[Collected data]
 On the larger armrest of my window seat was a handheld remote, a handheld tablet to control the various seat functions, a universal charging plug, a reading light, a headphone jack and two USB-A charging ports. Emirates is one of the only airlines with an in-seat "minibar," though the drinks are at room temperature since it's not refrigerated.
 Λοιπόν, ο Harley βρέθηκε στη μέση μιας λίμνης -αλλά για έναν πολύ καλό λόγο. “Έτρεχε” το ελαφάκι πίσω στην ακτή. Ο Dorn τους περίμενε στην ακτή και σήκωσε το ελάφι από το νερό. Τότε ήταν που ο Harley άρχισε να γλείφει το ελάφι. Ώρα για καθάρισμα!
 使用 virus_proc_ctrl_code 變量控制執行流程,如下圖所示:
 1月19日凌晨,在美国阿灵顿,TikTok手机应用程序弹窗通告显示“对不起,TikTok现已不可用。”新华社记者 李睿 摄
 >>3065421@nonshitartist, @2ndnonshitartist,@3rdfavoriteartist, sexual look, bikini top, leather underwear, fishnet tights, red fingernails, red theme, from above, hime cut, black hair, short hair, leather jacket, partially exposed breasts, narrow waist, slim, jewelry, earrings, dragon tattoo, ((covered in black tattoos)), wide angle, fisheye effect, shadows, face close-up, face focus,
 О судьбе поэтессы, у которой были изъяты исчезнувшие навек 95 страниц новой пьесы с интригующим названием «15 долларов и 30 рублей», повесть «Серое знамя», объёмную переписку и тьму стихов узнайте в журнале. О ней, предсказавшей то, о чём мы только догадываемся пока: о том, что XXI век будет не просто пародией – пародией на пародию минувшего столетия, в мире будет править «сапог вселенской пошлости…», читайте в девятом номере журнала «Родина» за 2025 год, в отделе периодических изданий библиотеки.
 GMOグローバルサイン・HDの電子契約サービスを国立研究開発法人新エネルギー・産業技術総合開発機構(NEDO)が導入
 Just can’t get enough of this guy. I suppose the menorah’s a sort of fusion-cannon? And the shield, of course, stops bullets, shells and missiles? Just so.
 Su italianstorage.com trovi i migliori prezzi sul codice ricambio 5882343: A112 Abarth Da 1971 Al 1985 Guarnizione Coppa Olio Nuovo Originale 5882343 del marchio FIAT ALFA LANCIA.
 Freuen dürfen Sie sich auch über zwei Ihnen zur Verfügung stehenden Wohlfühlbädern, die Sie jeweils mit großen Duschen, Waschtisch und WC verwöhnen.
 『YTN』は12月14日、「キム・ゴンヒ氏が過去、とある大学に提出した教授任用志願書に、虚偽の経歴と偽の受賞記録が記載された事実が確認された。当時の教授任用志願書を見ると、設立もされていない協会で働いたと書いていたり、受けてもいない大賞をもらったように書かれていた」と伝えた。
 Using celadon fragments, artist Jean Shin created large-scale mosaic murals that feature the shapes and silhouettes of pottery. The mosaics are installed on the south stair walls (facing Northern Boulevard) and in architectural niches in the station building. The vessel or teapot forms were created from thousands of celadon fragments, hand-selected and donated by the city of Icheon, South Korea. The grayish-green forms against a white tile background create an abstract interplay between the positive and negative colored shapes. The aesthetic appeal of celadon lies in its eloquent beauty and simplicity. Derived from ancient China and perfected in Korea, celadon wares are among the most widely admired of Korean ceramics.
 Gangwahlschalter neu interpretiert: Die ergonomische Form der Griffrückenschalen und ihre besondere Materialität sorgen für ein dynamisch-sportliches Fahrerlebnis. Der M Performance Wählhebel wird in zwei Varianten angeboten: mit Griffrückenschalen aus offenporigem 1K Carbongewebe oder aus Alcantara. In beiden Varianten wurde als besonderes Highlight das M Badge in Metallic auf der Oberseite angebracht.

PROBLEM TO WORK ON:
The lines holding the word "zwei" are the answer. Pull them out of the records and copy them.

SOLVED PROBLEM:
 Freuen dürfen Sie sich auch über zwei Ihnen zur Verfügung stehenden Wohlfühlbädern, die Sie jeweils mit großen Duschen, Waschtisch und WC verwöhnen.
 Gangwahlschalter neu interpretiert: Die ergonomische Form der Griffrückenschalen und ihre besondere Materialität sorgen für ein dynamisch-sportliches Fahrerlebnis. Der M Performance Wählhebel wird in zwei Varianten angeboten: mit Griffrückenschalen aus offenporigem 1K Carbongewebe oder aus Alcantara. In beiden Varianten wurde als besonderes Highlight das M Badge in Metallic auf der Oberseite angebracht.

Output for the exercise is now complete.